Why a specialized approach to OCR is important in health insurance

At Qantev we aim to improve the business workflows of health insurance companies using advanced Artificial Intelligence techniques. Currently the internal process of health insurers is mostly manual, they receive hundreds of claims per day and they have operators partially transcribing these documents into their systems. This approach leads to two problems, the first is how time consuming it is and the second is that only a few required fields necessary for the claims adjudication get transcribed to gain time, leading to a large amount of valuable information to be lost in the process.
Qantev solves this problem with its Document Intelligence pipeline that is able to automate the information extraction process for the most common documents in the health insurance claims process. Today we will focus on pre-approval/pre-authorisation forms and medical invoices.
The pre-approval forms contain information about the patient along with the initial medical diagnosis made by the doctor before further exams.

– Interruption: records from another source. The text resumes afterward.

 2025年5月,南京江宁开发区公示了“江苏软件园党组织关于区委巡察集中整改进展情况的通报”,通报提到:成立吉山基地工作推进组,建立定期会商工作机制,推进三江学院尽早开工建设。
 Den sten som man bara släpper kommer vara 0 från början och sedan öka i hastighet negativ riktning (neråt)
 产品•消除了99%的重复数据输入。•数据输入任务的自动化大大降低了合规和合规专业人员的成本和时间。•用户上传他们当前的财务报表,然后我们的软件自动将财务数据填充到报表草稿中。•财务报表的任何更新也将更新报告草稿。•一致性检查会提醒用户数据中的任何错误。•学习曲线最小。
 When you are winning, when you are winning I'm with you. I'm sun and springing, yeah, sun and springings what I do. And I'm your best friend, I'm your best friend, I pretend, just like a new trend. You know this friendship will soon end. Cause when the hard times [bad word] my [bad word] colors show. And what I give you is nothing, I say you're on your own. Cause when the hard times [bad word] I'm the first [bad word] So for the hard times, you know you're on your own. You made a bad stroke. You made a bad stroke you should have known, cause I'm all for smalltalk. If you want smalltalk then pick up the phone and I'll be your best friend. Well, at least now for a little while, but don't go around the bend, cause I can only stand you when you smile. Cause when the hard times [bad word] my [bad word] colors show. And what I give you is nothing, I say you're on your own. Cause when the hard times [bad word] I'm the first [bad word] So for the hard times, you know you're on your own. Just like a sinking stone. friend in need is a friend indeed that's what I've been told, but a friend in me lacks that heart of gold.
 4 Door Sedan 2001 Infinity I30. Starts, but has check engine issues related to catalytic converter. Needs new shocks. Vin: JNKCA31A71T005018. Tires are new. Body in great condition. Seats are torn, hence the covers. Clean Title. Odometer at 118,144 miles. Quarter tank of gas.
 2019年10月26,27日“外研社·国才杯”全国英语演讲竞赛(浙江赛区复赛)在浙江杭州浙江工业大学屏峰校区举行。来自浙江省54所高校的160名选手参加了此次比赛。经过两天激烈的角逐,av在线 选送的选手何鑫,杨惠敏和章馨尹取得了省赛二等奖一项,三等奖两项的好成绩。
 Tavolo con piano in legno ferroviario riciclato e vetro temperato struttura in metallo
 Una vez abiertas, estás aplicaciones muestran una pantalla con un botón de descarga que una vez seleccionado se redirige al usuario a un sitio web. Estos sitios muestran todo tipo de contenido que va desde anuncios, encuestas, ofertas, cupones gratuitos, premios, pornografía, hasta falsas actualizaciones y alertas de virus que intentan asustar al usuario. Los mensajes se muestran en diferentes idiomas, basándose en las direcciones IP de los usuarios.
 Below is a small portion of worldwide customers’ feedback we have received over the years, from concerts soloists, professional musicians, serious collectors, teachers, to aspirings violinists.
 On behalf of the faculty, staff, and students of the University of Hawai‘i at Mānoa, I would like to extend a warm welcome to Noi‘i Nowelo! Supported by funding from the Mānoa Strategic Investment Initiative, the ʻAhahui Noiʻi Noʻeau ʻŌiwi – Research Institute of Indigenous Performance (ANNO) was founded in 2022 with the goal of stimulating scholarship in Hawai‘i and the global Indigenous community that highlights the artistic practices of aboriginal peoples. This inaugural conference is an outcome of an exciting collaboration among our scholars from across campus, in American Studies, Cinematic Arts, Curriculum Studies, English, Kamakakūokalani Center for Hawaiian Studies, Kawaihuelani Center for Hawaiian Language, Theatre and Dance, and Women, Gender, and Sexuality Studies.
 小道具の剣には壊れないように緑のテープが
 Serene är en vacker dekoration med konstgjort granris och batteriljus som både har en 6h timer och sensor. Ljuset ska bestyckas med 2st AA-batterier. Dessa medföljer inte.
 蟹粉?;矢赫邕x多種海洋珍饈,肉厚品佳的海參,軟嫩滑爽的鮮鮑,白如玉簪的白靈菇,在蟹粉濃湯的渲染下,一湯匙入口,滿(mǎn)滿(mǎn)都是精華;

The medical invoice offers an itemised list of all the procedures and services provided to the patient and that need to be considered for payment by the insurer.
This article deals with the first step of the document intelligence pipeline that we apply to this kind of document: how to apply computer vision techniques on them and all the challenges that come with it.
How is the computer able to read a document?
According to [1], at around three years old, a child is able to start recognising letters and by the age of six the child is normally able to read. However, can a computer read? If we give a document to a computer it is only able to read pixels, not letters, so how can we make it understand the text inside this image document?
This is a classical problem in computer vision and its name is Optical Character Recognition (OCR), where the goal is to detect and transcribe the text in an image. Early computer vision techniques focus on traditional approaches, such as contour detection and SIFT [2]. Nowadays, there are many deep learning algorithms that achieve much better results on this OCR task.
An OCR model is composed of two parts, a text detector and a text recogniser. The text detector aims to detect where there is text in the image, outputting a bounding box containing its location. The text recogniser aims to, given an image with a text, transcribe it to real text. After having these two parts, the pipeline is very simple, we detect where the text is in the image and from which detected piece of text, we crop the image using the bounding box location and then we transcribe the text using the text recogniser.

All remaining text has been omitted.